Some radioactive debris at the 560-square-mile Hanford Nuclear Reservation in Washington is leaking and heading right for groundwater; some of it roils and boils within huge metal canisters. That’s old news. Now comes word that seemingly harmless insects, ranging from gnats and fruit flies to ants, may be randomly spreading radioactive contamination throughout the isolated area, AP reports.

About 10 acres containing office buildings and trailers have been closed to workers because of spot contamination, and 13 different areas are now known to set off Geiger counters. A “wet garbage” area attracting flies and gnats seems the hottest spot so far, registering 10 to 12 millirads per hour, which is about the same amount of radiation released by an hourly dental x-ray.

Phone Sex Hits The News Again

In Las Vegas, Nev., a constable admitted that he took time off from work to hang around strippers at one of the city’s top “exotic clubs,” according to the Las Vegas Sun. But taxpayers were never cheated, the constable claimed, because “he was always available by cellular phone.”

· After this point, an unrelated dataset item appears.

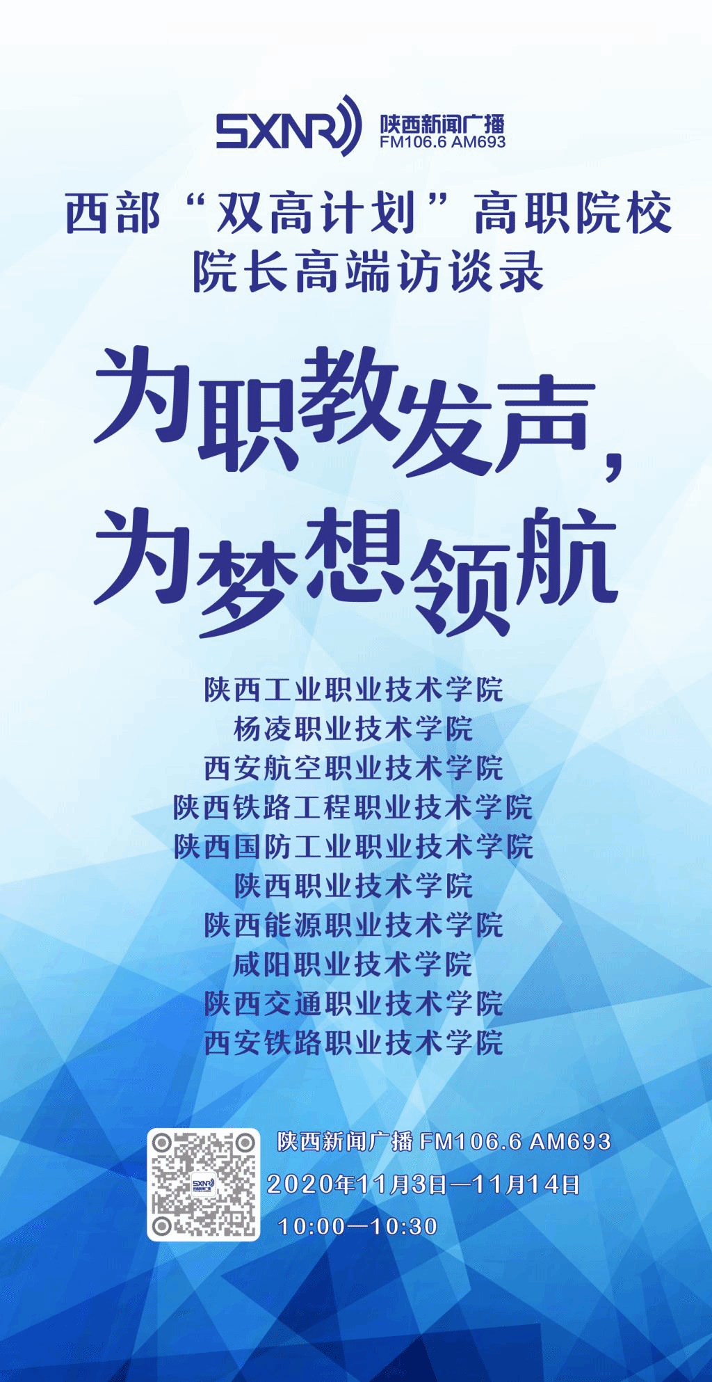 传播名校风采,搭建职场桥梁,提升综合素质,成就精彩人生。陕西广播电视台新闻广播1066《教育直通车》。

Watch Out For Those Really Big Predators

A modest two-bedroom, two-bath house on pricey Red Mountain overlooking Aspen was priced at $3,256 recently. Does this sound like a bargain? It wasn’t; it was merely the cost per square foot.

The 1,121 square-foot bungalow actually sold for $3.6 million and will be torn down and replaced by a much larger structure, reports the Associated Press.

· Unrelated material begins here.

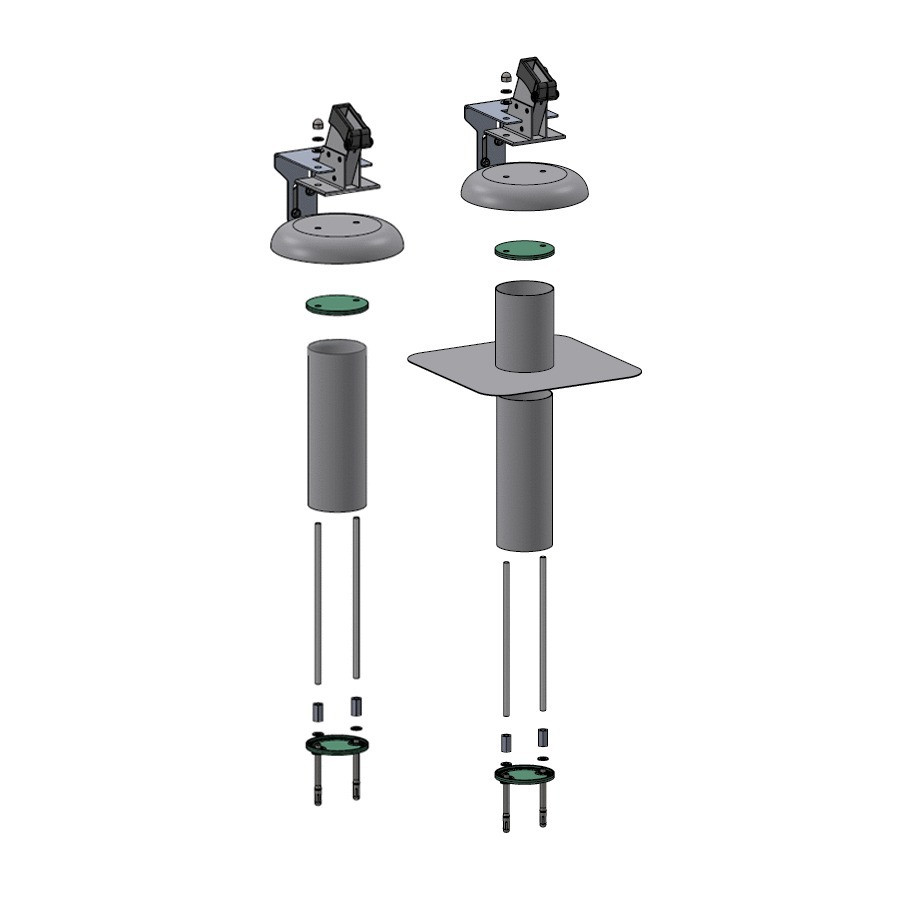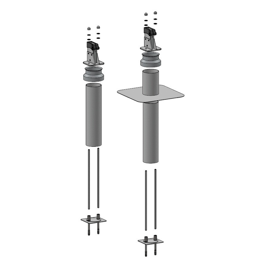 La conception du potelet permet une standardisation grâce à l'utilisation de la collerette réglable en hauteur.

And while we’re on the subject of real estate, the Jackson Hole News asked locals recently if they were worried about wolves “coming into Jackson” .

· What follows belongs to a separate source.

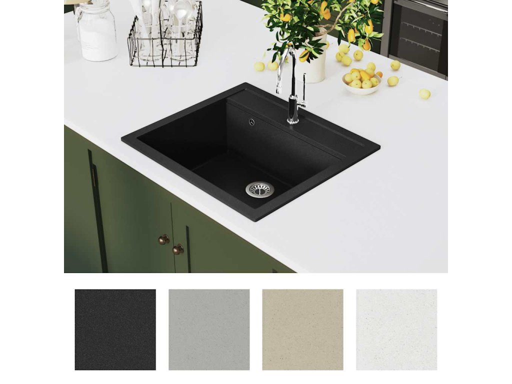 Vysoce kvalitní žula, díky které je dřez odolný vůči teplu, poškrábání i nárazům, se snadno čistí. Součástí balení je rovněž sítko na odpad pro snadné odstranění nečistot. Montáž dřezu je snadná.

Ray Brence, who described his work as “mostly anything,” replied: “Who is afraid of a few wolves when there are so many sharks in the valley?”

Something To Beef About

At a junior high school in Taylorsville, Utah, it’s the battle of the banners. It all began when principal Lori Gardner allowed a fast-food flag to fly at the school. “Out of all the business partners, and we’ve got some great ones, McDonald’s has made a point of really being part of the school,” she told the Salt Lake Tribune.

Way too much a part, says the animal-rights group People for the Ethical Treatment of Animals. So every week its members demonstrate their opposition to hamburger and other McDonald’s fare at the school.

Now some students are fighting back with a banner of their own; it says “META: Meat Eaters who are Thankful for Animals.” “We’re kind of tired of them (PETA) being at our school and trying to rip down the flagpole and stuff,” said eighth grader Ross Quigley. PETA’s Bruce Friedrich says he’s challenged the principal “to find one thing on a McDonald’s menu that makes good dietary sense.”

Peddling Toward Population Control

“Mountain bikes are our planet’s salvation!” crows Jim Stiles, editor of the distinctly opinionated Canyon Country Zephyr in Moab, Utah. Why?

Because the uncomfortable seats of bikes press on a man’s penile artery and this can lead to impotence, concludes a specialist from Boston University.

Stiles, never a fan of tourists swarming through town in day-glo tights, asks, “With penile arteries being flattened like prairie dogs on Interstate 70, can population stabilization be far behind?”

Canine Cologne

Finally, a story of the New West from Kemmerer, Wyo. A woman called the county sheriff to report that a gas leak threatened her home. On investigating, officers discovered that the family dog had been sprayed by a skunk, and that was causing the stink. Its odor was so strong that deputies “cleared the residence fairly fast as the woman thanked them for the timely response.”